In this connection, we reproduce the paragraph nos., 142, 152, 153 and 155 of the Madras Bar Association case.
"142. Therefore, the provisions of the Impugned Act cannot be sustained. They violate the constitutional principles of separation of powers and judicial independence, which are firmly embedded in the text, structure, and spirit of the Constitution. The Impugned Act directly contradicts binding judicial pronouncements that have repeatedly clarified the standards governing the appointment, tenure, and functioning of tribunal members. Instead of curing the defects identified by this Court, the Impugned Act merely reproduces, in slightly altered form, the very provisions earlier struck down. This amounts to a legislative override in the strictest sense: an attempt to nullify binding judicial directions without addressing the underlying constitutional infirmities. Such an approach is impermissible under our constitutional scheme. Because the Impugned Act fails to remove the defects identified in prior judgments and instead reenacts them under a new label, it falls afoul of the doctrine of constitutional supremacy. Accordingly, the impugned provisions are struck down as unconstitutional.

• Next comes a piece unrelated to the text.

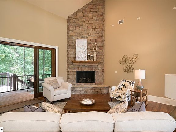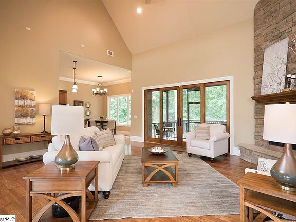 Superior craftsmanship and the finest of finishes abound in this locally built custom located in the gated Simpsonville community of Allegheny. Featuring a luxurious lower level on a private wooded lot, 8 Allegheny Run boasts excellent quality. There's simply no detail overlooked. The professionally manicured grounds draw your eye to the arched mahogany front door flanked by cedar columns not to mention the home's custom shutters. Upon entry, you'll be delighted by the slate foyer with inlay detailing, thick custom columns and moldings as well as authentic red oak hardwoods. All of the home's doors are stained wood and those on the main level are 8' in height to gracefully balance the 10' and higher ceilings. The elegant dining room off of the foyer showcases a breathtaking coffered ceiling complete with a copper inlay. And the home office/study features stained French doors and a picturesque window to the front grounds. The Great Room has a floor to ceiling stacked stone gas fireplace with Marvin brand door sliders that bring the outdoors in! It's a window to your screened porch with an outdoor gas fireplace and rear grounds that is more like a park than a backyard! The kitchen features furniture grade cabinetry, gas cooktop and a charming breakfast area. The master suite with hardwood floors has a spa-like bathroom complete with two sinks, a soaking tub and a fully tiled shower. And, the master closet is quite gracious in size with solid wood shelving system. There are two additional bedrooms on the main level that share a Jack and Jill style bathroom. The laundry room is also located on the main level with a sink and tons of storage space. The lower level is finished at the same quality & detail as the main level. The open wrought iron staircase leads you down to an awesome area! The lower level comes with a large Great Room or Recreation zone (note pool table!) with the home's third fireplace and its own bar/kitchenette with granite tops, a sink,under-mount frig/wine chiller and space for a microwave. There are two additional bedrooms, a full hall bathroom PLUS a media room/home theatre, and a large exercise room or additional recreational area. And if storage is your focus, you won't be disappointed. The home offers a 3-car garage PLUS three spacious walk-in storage areas in the lower level behind barn door style sliding doors and a huge walk-in closet with shelving, And don't miss the fully enclosed screen porch with flagstone pavers on the lower level too. The home also showcases central vac, security system, and more! Allegheny offers a robust amenity package including a gated entrance, a resort-style pool, pedestrian bridge, Summer Kitchen, lighting and sidewalks. Just minutes from Five Forks Simpsonville, downtown Simpsonville and I-385 exchange.

152. As consistently directed in the earlier judgments of this Court, the executive bears a constitutional obligation to establish a National Tribunals Commission in accordance with the principles and framework articulated therein. The creation of such a commission is an essential structural safeguard designed to ensure independence, 3 transparency, and uniformity in the appointment, administration, and functioning of tribunals across the country. The repeated judicial insistence on this body reflects the Court's recognition that piecemeal reforms cannot remedy the systemic deficiencies that have persisted for decades.
153. We grant the Union of India a period of four months from the date of this judgment to establish a National Tribunals Commission. The commission so constituted must adhere to the principles articulated by this Court, particularly concerning independence from executive control, professional expertise, transparent processes, and oversight mechanisms that reinforce public confidence in the system.
155. We also clarify that all appointments of Members and Chairpersons whose selection or recommendation by the Search-cum-Selection Committee was completed before the commencement of the Tribunal Reforms Act, 2021, but whose formal appointment notifications were issued after the Act came into force, shall be protected. Such appointments will continue to be governed by the parent statutes and by the conditions of service as laid down in MBA (IV) and MBA (V), rather than by the truncated tenure and altered service conditions introduced by the Tribunal Reforms Act, 2021."
Since the issue that arises here will have ramification for all the Administrative Tribunals which come under the purview of the Tribunal Reforms Act, 2021, we deem it appropriate to issue notice to the Registrars of the Central Administrative Tribunal, Principal Bench as also the Kolkata Bench and request them to make it convenient to appear before us either 4 in person or through learned advocate, whether physically or on virtual mode, and to make appropriate submission on the aforesaid issue along with supporting records as to whether or not the Benches of the Central Administrative Tribunal whose members were appointed pursuant to the provisions of 2021 Reforms Act, can function any further in view of the decision of the Hon'ble Supreme Court in the Madras Bar Association case.
The Registrar, Circuit Bench at Port Blair as well as learned advocate for the appellant are requested to immediately communicate this order to the Registrar of Central Administrative Tribunal, Principal Bench at Delhi and also the Registrar, Central Administrative Tribunal, Kolkata Bench.
Let this matter be listed again on Wednesday (February 04, 2026).